(Records for processing):

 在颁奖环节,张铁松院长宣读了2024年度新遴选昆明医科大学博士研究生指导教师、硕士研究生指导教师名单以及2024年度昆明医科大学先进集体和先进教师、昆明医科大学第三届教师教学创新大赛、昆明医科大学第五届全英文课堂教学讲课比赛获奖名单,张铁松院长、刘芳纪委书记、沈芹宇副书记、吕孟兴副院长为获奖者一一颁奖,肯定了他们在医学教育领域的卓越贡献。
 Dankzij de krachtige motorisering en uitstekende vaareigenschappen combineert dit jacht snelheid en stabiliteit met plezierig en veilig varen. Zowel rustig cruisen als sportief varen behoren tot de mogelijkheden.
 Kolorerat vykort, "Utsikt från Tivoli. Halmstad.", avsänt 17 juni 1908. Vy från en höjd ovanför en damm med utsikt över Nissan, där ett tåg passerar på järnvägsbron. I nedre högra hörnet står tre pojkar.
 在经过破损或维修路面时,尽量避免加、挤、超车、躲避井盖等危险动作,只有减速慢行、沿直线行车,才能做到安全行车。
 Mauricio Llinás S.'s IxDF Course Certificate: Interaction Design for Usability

* * *

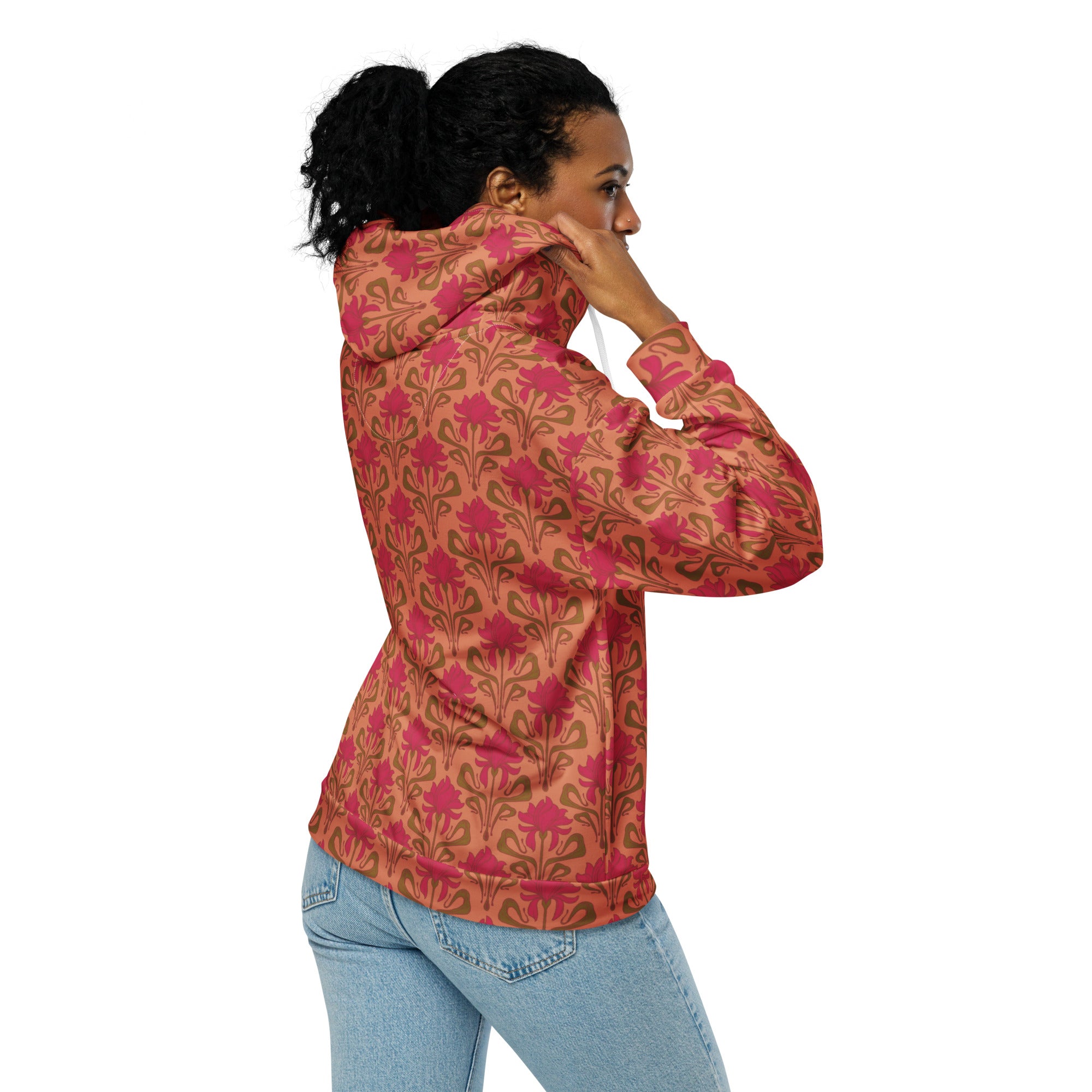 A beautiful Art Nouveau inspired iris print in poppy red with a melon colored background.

...

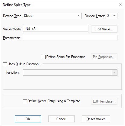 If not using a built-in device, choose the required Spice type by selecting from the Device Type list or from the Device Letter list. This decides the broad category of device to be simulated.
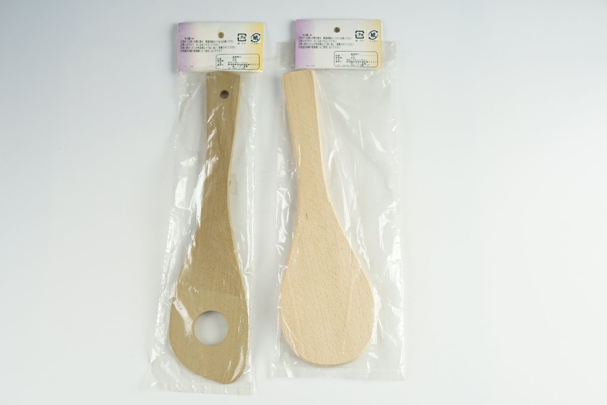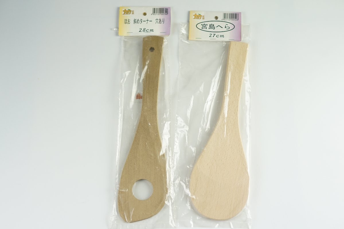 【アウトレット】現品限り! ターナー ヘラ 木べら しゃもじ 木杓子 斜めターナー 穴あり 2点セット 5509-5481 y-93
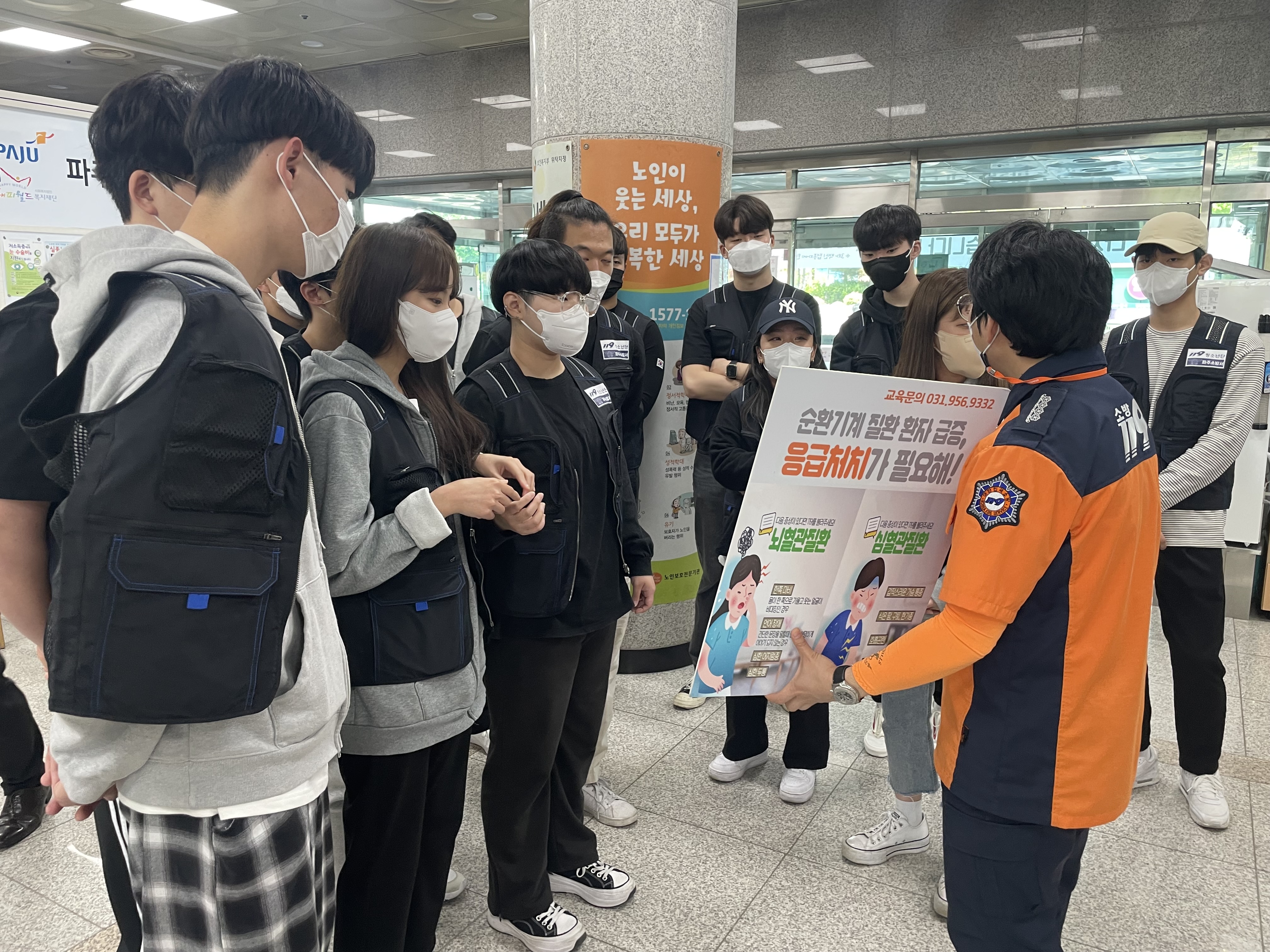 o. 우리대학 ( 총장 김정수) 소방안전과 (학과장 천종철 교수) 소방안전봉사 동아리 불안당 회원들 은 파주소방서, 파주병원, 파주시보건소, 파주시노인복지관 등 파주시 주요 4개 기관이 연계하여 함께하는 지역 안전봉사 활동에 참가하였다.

(Your objective):
What is wanted is an exact copy of the lines above from the one containing "If not using" through the one containing "o. 우리대학 ( 총장", with no pictures in it.

(The answer):
 If not using a built-in device, choose the required Spice type by selecting from the Device Type list or from the Device Letter list. This decides the broad category of device to be simulated.
 【アウトレット】現品限り! ターナー ヘラ 木べら しゃもじ 木杓子 斜めターナー 穴あり 2点セット 5509-5481 y-93
 o. 우리대학 ( 총장 김정수) 소방안전과 (학과장 천종철 교수) 소방안전봉사 동아리 불안당 회원들 은 파주소방서, 파주병원, 파주시보건소, 파주시노인복지관 등 파주시 주요 4개 기관이 연계하여 함께하는 지역 안전봉사 활동에 참가하였다.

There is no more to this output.